East Coast Bee Keepers

Yesterday, my DIL Sara (née Moran) sent me some videos of an emergent situation where Mark was called by one of their neighbors to help deal with a swarm of honeybees that had alighted in one of the neighbor’s trees.

Now according to my online research:

“A honeybee swarm is when one colony splits into two colonies. Basically, half the colony ‘moves out’ and finds a new home. Why does this happen? Two reasons. Either the honeybee colony has become too congested with too many bees, or the colony wants to split so it can reproduce. Swarming typically happens in the peak spring or summer months.”

So this particular old queen led her followers to the limb of a tree, where Mark then cut the limb and gently shook the mass into a waiting bee hive.

Where they now happily sit alongside all of Mark & Sara’s other hives, including the new hive we delivered last month.

I asked Mark how he knew he had the queen, and he told me he won’t be sure in this instance until he sees whether the bees remain in the new hive.

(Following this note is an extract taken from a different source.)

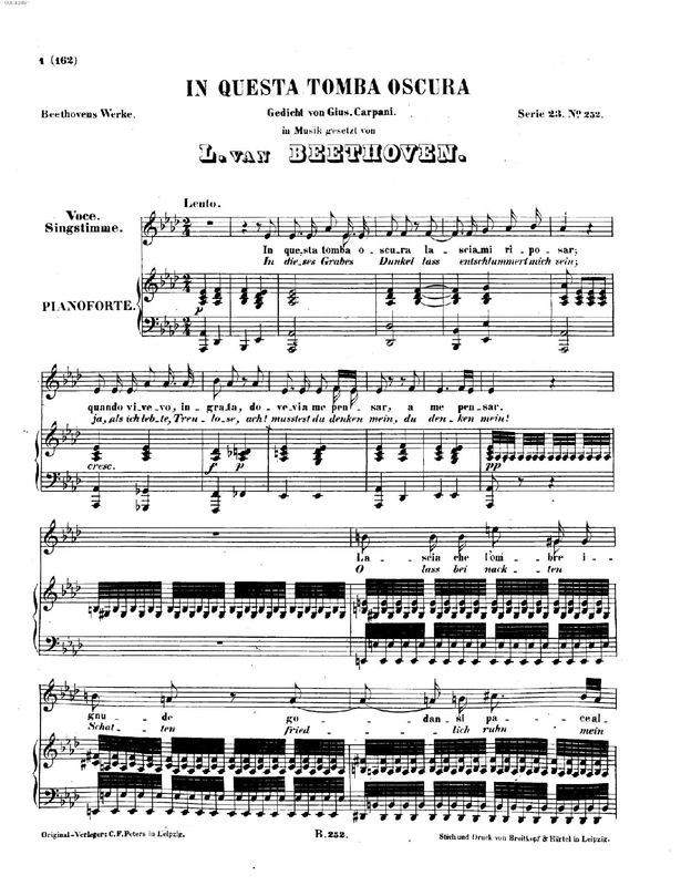 Ludwig van Beethovens Werke, Serie 23: Lieder und Gesänge mit Begleitung des Pianoforte, No.252 (pp.162-63) Leipzig: Breitkopf und Härtel, n.d.[n.d.[1864]]. Plate B.252.
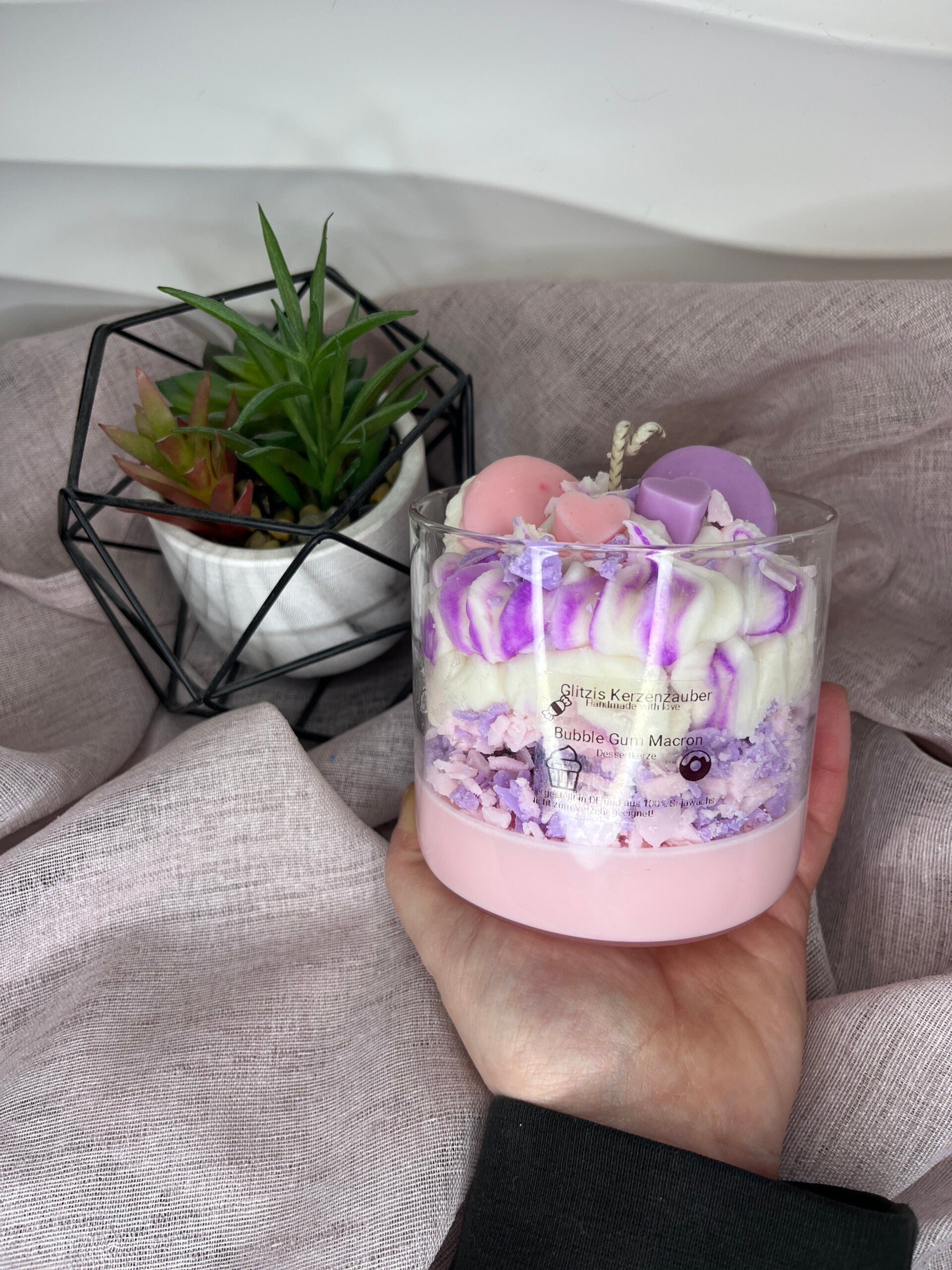 VERSCHÖNERE DEIN ZUHAUSE MIT EINER VON HAND GEGOSSENEN DUFTKERZE, DIE DEINEM LIEBLINGSSÜẞIGKEIT ÄHNLICH SIEHT. ERLEBE DIE BERUHIGENDE FRISCHE VON BUBBLEGUM – PERFEKT FÜR EINE ENTSPANNTE ATMOSPHÄRE. DAS KERZENGLAS KANNST DU NACH DEM ABBRENNEN GANZ EINFACH AUSSPÜLEN UND ALS GETRÄNKE-GLAS WIEDER VERWERTEN.

Sara mentioned that this isn’t the first recovered hive they’ve entertained. One swarming hive just arrived and took over one of their empty bee hive boxes.

I cannot express just how thrilled I am that Mark and Sara are bee caretakers.

Without people willing to take on this responsibility, we would all starve. http://www.beeshepherd.org/

There’s lots you can do even if you don’t shepherd hives, like creating feeding or water stations.

https://learnbees.com/beekeeping/

Which reminds me, I need to restart my water fountain out front in the Jack The Spruce Grotto today. I’ll be sure to add a lot of quartz stones so the bees don’t drown.

Along with yesterday’s regular outdoor chores, I tidied up the street edge of the front property yesterday.

I purposely leave the high grass along the fenceline so the small critters have a place to avoid the predators. I actually reclaimed that stretch using lots of mule manure. Took it a few years before the grass came back.

It used to look like this patch all the way along my fence line.

I leave that spot at the far edge in its original bare state just in case the HOA comes by to complain. NoCo soil is pretty unforgiving.

I don’t mow the grass within the fenceline, I leave that for the mules to graze. So far, so good.

Well, that’s it for now, I need to get a move on.

I’ll move a little slower today because taking that lawn mower up and down the dip out front does a number on my back. Like a rowing machine.

I hope you fine, five readers have nothing but BBQs and poolside events on your schedules.

Take a moment to remember and honor those brave souls that sacrificed their lives, and their gold star families, that provide us the freedom to enjoy this day.

I’m going to get out there and cuddle some kitties and make my rounds.

But let us all make today a great one.